## [Data to use]

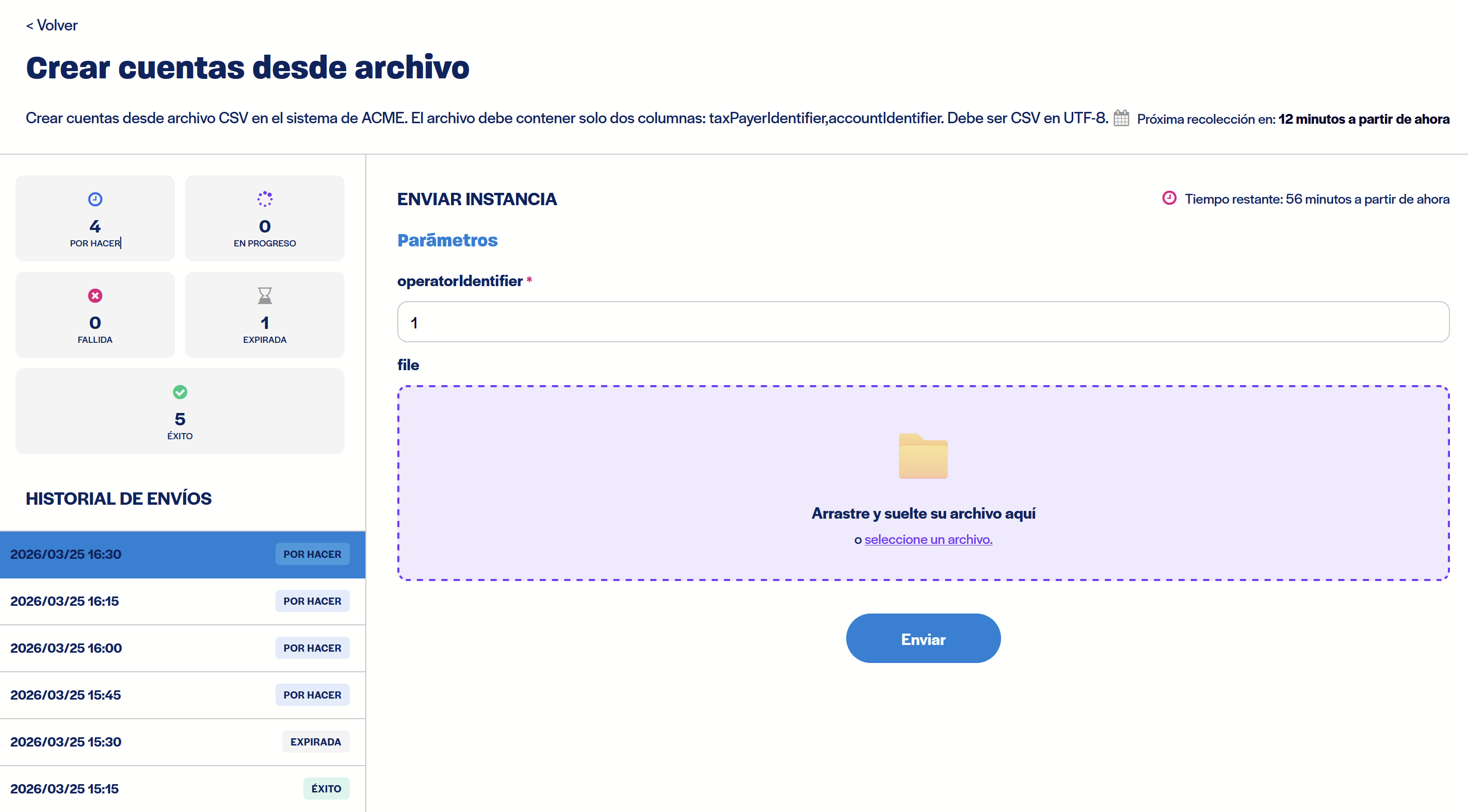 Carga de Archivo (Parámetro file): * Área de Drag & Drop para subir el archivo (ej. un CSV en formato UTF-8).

---

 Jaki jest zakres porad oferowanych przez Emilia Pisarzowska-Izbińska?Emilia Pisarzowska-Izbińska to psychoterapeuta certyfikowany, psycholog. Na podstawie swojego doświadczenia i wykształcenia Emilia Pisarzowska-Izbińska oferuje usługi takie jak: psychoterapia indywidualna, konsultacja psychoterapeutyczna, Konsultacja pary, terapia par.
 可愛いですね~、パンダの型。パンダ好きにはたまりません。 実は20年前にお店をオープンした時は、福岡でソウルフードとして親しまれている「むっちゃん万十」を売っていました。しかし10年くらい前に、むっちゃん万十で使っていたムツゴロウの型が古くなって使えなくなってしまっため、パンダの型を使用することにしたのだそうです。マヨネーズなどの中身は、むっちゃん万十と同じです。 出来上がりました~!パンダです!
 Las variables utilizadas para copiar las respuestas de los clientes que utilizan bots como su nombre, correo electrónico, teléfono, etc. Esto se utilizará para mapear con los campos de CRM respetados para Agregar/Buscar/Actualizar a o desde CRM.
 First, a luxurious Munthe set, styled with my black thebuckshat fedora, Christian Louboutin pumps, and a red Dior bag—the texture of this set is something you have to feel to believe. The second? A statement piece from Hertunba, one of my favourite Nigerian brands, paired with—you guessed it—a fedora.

...

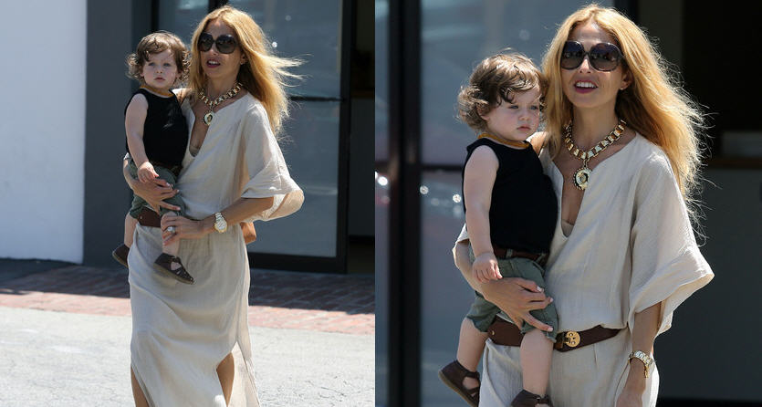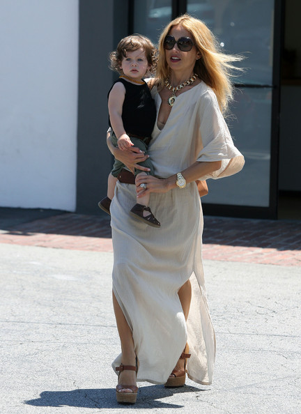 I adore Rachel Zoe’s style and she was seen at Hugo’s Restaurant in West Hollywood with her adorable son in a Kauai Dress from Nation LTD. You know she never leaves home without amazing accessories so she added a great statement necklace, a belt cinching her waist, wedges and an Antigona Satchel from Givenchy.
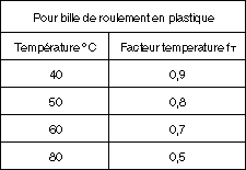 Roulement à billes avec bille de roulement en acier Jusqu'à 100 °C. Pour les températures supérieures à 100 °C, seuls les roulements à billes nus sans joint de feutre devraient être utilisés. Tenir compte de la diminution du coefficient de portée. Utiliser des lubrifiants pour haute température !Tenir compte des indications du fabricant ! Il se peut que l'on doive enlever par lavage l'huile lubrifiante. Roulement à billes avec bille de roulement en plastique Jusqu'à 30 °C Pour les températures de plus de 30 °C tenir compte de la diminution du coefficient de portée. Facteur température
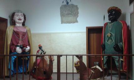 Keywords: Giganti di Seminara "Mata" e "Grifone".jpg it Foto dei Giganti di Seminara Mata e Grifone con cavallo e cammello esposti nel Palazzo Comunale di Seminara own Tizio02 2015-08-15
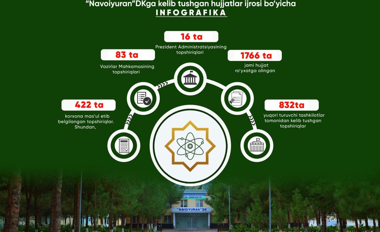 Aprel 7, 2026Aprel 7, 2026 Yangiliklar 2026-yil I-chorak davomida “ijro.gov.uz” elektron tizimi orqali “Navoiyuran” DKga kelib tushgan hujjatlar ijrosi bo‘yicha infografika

## [Problem]
Would you print exactly the lines in the listing above, from the line bearing "Keywords: Giganti di" through the line bearing "Aprel 7, 2026Aprel", leaving out all pictures?

## [Answer space]
 Keywords: Giganti di Seminara "Mata" e "Grifone".jpg it Foto dei Giganti di Seminara Mata e Grifone con cavallo e cammello esposti nel Palazzo Comunale di Seminara own Tizio02 2015-08-15
 Aprel 7, 2026Aprel 7, 2026 Yangiliklar 2026-yil I-chorak davomida “ijro.gov.uz” elektron tizimi orqali “Navoiyuran” DKga kelib tushgan hujjatlar ijrosi bo‘yicha infografika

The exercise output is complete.